ABOUT THIS TASK | In the entries below, find the line containing "- 為供應打印油墨及皮革面漆" and the line containing "Mario is carried". Copy those two lines and everything between them exactly, and only that.

RECORDS FOR PROCESSING |
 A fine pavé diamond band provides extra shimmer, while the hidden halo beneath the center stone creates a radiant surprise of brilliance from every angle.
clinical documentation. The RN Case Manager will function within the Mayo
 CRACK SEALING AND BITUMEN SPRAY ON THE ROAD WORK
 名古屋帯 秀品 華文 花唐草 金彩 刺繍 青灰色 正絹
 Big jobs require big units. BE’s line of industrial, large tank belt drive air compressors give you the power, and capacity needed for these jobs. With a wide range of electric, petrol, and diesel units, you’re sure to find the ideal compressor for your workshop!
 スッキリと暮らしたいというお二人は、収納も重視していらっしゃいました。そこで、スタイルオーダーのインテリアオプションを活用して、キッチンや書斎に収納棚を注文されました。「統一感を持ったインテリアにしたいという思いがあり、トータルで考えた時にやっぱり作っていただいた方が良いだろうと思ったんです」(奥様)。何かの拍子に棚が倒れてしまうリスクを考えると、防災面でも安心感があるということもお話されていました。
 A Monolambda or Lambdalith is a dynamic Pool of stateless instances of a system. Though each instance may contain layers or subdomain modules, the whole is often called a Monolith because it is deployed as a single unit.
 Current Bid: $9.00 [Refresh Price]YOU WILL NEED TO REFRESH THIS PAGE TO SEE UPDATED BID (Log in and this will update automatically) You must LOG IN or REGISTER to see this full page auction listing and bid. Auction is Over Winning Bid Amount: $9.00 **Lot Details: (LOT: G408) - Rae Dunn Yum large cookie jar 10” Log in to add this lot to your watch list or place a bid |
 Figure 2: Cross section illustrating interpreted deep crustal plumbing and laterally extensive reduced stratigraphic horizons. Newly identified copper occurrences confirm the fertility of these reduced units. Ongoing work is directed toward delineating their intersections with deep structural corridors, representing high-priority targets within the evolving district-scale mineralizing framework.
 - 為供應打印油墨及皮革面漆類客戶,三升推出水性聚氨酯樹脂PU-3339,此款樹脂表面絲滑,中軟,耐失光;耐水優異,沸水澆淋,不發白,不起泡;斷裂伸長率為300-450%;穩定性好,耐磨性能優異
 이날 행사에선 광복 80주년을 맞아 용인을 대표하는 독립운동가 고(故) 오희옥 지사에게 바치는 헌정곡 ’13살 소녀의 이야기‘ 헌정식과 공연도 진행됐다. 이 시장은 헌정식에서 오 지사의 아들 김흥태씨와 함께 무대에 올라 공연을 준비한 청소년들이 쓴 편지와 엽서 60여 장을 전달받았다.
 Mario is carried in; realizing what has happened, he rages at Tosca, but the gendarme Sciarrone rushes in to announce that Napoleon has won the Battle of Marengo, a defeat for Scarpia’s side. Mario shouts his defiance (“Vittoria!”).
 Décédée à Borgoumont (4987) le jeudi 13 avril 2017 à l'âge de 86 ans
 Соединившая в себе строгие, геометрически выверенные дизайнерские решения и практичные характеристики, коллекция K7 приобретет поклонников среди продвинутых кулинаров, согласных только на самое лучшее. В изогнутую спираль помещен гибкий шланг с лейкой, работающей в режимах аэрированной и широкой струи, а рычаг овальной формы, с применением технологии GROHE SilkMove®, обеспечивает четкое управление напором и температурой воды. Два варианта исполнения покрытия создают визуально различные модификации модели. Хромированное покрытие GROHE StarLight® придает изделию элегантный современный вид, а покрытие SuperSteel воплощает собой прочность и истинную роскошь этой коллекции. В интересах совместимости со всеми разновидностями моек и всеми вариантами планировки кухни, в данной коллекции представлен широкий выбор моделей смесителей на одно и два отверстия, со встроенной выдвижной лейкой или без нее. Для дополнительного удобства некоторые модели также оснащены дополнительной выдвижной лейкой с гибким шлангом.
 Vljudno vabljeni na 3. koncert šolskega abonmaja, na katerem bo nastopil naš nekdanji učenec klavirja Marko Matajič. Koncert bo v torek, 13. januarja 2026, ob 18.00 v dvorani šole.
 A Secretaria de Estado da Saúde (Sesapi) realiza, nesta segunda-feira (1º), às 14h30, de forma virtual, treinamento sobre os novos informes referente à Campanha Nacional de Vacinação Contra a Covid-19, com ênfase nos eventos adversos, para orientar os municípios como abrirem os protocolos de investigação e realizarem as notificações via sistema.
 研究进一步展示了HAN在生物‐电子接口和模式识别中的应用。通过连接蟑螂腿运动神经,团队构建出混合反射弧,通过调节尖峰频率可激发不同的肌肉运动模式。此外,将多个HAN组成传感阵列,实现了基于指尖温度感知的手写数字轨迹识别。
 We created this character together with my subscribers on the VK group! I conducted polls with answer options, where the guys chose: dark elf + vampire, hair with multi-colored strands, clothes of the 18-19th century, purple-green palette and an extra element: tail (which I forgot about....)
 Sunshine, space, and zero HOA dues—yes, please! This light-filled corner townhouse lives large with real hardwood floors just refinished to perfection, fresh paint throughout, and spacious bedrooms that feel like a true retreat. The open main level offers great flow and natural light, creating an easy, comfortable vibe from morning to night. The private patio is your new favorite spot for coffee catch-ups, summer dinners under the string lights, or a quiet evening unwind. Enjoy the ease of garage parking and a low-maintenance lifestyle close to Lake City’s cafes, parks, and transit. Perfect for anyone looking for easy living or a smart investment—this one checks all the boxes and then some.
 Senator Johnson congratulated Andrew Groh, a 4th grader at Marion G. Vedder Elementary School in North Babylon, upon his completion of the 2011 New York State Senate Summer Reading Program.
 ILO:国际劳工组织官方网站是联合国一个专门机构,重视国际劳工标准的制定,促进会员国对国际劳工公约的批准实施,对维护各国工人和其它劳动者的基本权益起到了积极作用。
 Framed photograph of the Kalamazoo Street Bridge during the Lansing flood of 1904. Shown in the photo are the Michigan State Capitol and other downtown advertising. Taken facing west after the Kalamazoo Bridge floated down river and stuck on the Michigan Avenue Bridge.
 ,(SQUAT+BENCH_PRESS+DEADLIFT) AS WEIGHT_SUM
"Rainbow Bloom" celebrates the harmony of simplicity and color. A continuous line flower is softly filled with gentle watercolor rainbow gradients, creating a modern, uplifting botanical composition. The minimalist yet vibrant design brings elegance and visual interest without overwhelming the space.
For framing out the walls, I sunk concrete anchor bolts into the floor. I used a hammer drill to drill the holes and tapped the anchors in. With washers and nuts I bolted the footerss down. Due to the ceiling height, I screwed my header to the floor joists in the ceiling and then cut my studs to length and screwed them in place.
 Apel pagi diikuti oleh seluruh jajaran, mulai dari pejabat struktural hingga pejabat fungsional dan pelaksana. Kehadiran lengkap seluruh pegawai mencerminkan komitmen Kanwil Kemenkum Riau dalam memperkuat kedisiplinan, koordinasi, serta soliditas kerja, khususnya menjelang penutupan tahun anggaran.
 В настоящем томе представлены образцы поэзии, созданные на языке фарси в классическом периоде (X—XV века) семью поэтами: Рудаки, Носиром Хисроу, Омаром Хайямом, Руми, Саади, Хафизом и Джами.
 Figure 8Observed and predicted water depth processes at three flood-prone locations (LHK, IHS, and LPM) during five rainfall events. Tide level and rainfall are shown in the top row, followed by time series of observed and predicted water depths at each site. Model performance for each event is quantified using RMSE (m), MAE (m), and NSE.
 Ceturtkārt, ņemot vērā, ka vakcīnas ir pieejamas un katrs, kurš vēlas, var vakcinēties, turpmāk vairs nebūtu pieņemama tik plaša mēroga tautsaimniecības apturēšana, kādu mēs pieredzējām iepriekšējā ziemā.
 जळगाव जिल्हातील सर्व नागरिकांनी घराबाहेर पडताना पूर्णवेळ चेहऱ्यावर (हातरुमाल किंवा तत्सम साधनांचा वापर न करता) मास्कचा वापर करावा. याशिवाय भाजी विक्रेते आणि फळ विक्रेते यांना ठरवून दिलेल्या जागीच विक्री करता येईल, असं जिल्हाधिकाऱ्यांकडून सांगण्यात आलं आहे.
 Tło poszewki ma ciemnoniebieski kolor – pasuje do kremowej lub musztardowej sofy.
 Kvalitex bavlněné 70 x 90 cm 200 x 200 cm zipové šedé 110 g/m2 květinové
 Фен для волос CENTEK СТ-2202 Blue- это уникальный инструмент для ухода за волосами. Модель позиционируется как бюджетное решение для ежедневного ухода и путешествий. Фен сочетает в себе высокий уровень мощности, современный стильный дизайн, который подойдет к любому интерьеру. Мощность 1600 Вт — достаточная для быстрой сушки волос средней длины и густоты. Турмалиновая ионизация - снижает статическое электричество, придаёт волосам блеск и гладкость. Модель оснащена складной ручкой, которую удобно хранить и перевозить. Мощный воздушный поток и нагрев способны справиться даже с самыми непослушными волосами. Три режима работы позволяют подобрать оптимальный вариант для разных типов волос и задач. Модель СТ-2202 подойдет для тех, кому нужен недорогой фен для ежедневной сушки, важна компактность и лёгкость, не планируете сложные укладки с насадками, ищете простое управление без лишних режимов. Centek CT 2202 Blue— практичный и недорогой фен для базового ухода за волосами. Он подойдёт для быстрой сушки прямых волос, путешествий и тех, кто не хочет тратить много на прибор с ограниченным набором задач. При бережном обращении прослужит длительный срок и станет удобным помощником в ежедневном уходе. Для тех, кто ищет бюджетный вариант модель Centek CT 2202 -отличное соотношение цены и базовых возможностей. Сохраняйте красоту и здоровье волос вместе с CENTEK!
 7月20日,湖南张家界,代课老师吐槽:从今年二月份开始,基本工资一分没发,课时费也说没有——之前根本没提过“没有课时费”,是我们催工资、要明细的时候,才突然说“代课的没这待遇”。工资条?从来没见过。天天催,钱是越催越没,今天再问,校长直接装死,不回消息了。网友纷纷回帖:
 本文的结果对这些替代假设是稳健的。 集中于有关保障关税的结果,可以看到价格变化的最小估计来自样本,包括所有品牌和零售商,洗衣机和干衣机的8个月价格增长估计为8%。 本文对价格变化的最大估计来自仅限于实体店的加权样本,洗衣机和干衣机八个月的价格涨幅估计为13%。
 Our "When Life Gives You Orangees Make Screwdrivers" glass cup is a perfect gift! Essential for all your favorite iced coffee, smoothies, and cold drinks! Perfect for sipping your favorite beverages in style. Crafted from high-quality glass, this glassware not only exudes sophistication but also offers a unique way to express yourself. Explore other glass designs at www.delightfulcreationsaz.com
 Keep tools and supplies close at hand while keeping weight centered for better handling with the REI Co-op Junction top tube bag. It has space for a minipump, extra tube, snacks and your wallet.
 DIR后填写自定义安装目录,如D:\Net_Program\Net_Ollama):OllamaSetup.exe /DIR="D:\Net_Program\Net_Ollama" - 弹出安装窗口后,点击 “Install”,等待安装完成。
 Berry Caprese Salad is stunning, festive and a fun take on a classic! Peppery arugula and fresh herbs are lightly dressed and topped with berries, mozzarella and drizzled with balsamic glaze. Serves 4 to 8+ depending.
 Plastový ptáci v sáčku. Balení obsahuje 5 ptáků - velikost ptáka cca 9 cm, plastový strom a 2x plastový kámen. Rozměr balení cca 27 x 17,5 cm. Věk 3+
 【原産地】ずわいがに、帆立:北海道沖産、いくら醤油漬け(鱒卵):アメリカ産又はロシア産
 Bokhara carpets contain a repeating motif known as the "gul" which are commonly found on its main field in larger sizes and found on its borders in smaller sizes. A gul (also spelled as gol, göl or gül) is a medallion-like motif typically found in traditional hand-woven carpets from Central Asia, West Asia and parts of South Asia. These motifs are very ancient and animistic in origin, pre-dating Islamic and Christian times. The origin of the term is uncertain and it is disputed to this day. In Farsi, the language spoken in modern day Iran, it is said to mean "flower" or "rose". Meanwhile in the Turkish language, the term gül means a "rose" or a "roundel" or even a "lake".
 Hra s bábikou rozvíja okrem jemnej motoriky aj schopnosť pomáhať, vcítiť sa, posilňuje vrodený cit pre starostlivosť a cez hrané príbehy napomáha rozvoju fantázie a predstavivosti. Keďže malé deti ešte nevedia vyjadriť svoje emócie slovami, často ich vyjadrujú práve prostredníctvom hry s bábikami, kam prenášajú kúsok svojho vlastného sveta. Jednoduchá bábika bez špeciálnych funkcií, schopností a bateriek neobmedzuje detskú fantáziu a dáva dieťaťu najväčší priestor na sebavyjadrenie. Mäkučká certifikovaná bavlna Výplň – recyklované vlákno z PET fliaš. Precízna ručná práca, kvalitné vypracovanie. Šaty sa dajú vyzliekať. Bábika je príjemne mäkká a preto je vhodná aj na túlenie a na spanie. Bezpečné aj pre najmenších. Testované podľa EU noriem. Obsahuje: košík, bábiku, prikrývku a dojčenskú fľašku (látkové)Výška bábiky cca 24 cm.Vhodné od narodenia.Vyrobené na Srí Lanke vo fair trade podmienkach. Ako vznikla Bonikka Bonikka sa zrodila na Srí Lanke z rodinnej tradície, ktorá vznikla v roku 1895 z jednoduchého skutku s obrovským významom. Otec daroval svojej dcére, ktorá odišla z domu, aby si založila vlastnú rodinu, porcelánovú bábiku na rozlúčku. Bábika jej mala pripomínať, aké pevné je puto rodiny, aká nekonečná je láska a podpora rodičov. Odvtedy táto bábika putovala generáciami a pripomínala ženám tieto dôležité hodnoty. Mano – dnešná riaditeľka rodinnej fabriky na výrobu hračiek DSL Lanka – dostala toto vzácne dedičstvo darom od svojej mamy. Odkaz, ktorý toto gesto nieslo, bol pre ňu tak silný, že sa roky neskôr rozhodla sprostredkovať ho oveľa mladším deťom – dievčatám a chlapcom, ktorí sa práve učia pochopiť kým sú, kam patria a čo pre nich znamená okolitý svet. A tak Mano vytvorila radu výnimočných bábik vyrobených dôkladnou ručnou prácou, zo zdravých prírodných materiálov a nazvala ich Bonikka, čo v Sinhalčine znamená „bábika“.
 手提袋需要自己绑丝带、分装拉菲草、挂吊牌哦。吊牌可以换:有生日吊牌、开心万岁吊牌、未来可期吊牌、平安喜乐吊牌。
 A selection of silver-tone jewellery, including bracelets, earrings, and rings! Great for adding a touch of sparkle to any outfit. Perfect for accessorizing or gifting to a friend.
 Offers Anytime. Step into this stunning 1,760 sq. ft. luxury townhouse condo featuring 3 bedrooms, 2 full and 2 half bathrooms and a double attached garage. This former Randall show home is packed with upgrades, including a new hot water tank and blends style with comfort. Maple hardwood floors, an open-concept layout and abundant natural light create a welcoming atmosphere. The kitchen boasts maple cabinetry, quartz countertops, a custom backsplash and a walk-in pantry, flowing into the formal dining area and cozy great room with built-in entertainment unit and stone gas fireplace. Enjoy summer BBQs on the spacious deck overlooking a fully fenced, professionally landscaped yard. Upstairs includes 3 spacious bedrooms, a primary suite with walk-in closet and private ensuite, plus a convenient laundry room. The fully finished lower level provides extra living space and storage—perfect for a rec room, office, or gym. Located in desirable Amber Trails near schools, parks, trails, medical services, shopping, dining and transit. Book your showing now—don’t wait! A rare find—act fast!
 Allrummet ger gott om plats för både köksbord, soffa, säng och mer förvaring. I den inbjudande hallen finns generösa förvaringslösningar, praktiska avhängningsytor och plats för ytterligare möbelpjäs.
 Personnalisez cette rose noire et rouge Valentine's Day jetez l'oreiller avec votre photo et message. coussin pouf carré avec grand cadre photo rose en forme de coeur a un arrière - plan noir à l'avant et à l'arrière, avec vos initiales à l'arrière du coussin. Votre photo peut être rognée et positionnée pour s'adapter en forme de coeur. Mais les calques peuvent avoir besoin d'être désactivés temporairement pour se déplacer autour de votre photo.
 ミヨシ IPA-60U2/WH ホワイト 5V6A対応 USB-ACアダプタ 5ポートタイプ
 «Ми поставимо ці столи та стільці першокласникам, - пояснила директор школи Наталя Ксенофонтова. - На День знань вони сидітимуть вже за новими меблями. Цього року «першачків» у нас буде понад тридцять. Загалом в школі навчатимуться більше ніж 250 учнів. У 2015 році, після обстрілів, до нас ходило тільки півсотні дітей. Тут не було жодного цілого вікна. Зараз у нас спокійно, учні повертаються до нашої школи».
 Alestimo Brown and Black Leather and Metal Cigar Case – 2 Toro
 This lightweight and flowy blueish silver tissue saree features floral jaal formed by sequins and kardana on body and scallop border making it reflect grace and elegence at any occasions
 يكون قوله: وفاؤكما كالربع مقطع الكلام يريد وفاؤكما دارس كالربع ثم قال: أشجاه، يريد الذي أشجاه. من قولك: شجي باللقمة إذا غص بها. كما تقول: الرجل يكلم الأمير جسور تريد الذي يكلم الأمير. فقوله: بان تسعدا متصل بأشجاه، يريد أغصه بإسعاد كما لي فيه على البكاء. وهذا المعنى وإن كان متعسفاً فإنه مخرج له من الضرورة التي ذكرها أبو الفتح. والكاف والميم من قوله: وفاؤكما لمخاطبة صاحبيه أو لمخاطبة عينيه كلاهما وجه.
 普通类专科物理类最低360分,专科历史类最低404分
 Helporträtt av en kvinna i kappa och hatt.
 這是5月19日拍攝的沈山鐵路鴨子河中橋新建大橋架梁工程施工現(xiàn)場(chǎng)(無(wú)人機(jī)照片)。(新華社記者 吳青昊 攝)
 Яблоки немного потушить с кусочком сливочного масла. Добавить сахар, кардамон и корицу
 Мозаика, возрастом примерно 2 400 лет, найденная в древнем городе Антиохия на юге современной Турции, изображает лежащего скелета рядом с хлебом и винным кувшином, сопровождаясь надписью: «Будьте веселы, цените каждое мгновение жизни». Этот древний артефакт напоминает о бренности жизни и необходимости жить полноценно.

YOUR RESPONSE |
 - 為供應打印油墨及皮革面漆類客戶,三升推出水性聚氨酯樹脂PU-3339,此款樹脂表面絲滑,中軟,耐失光;耐水優異,沸水澆淋,不發白,不起泡;斷裂伸長率為300-450%;穩定性好,耐磨性能優異
 이날 행사에선 광복 80주년을 맞아 용인을 대표하는 독립운동가 고(故) 오희옥 지사에게 바치는 헌정곡 ’13살 소녀의 이야기‘ 헌정식과 공연도 진행됐다. 이 시장은 헌정식에서 오 지사의 아들 김흥태씨와 함께 무대에 올라 공연을 준비한 청소년들이 쓴 편지와 엽서 60여 장을 전달받았다.
 Mario is carried in; realizing what has happened, he rages at Tosca, but the gendarme Sciarrone rushes in to announce that Napoleon has won the Battle of Marengo, a defeat for Scarpia’s side. Mario shouts his defiance (“Vittoria!”).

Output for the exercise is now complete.